The Kingston Soundsystem Cocktail Is A Colorful Way To Use Suze

In 2017, the digital magazine Punch challenged bartenders to devise drink recipes drawing from favorite songs. Shannon Mustipher of New York's Glady's bar stepped up to the challenge by creating the Kingston Soundsystem, a cocktail inspired by one of Horace Andy's reggae tunes. Mustipher looked to the Jungle Bird, a red tiki cocktail that mixes rum, Campari, pineapple juice, and lime, for recipe guidance. 

Made up of aged pot still Jamaican rum, overproof rum, Suze, soursop or pineapple juice, and lime juice, Mustipher's Kingston Soundsystem concoction is shaken with ice and strained before being crowned with a lime and pineapple leaf garnish and served. The inclusion of Suze, an established French bitters, invites a canary hue to the glass for a flavorful, woodsy conjuring of bittersweet backyard bashes. 

Suze has a lively history of its own. When it was invented, the brightly colored aperitif was created using yellow gentian roots — not wine — and was packaged in tall, skinny bottles that were unique for the time. Advertising efforts were focused on cafes and restaurants where socialites gathered, and the brand embraced its wildcard reputation.
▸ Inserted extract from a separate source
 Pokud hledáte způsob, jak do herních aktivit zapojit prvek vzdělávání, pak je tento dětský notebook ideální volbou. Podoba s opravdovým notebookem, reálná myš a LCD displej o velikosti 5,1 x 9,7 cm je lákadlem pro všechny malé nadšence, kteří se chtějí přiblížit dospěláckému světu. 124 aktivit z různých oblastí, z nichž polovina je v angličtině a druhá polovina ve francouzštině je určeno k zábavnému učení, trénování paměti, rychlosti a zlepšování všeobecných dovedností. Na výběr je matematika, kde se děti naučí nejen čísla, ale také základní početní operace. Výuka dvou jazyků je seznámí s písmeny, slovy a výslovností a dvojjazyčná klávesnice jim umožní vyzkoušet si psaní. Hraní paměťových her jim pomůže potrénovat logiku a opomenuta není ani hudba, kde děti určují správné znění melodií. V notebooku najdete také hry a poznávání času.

The approach worked, and the yellow beverage won a gold medal at the Paris Universal Exhibition in 1900. The inclusion of the quirky product is fitting for a drink named after a song called "Skylarking."
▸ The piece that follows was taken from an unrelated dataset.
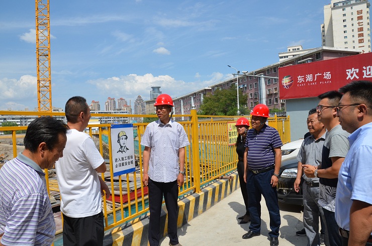 在東湖廣場、盛達金城廣場兩項目現(xiàn)場,章海峰同志一行詳細詢問了工程建設情況和夏季高溫作業(yè)職工的勞動保護措施落實情況,充分的肯定了各施工現(xiàn)場對防暑降溫工作采取的一系列保障措施,并要求各施工現(xiàn)場科學、合理安排好作息時間,進一步落實安全生產(chǎn)責任制,消除各類安全隱患,保證職工身心健康和施工安全。他向一線工作人員們送上了茶葉、飲料等防暑用品,并對我院廣大一線職工戰(zhàn)高溫、斗酷暑,一如既往地堅守在工作崗位上的辛勤工作表示感謝,親切叮囑他們注意安全,保重身體。

A playful pour of the tropics

Skylarking, a phrase to describe horseplay, practical jokes, and trickster-like behavior, is as playful as Shannon Mustipher's cocktail creation. Mustipher's experiment may look subtle in appearance, but the sipper packs a wallop. Paired with the zesty twang of lime and the fruit-forward simplicity of soursop or pineapple, it's no wonder that the Kingston Soundsystem is a winner. 

After a taste of the rum and fruit flavors of Jamacia highlighted with the herbaceous notes of Suze, you, too, might find yourself skylarking. Speaking with Punch, Mustipher explained that aged rum offers notes of bitter cocoa and fruit that play well with those of overproof rum, like Rum Fire, making for a layered, bodacious beverage that can start an evening on a lively note and get revelers dancing. 

The fresh sipper can be modified to suit the palates of those attending the party, however. The funky inclusion of both aged pot still Jamaican rum and overproof rum can be heavy-handed if you're not careful with measurements, so if you'd like Suze to take a step forward or would prefer a lighter tropical taste, adjust the recipe proportions accordingly to allow your chosen ingredients to shine.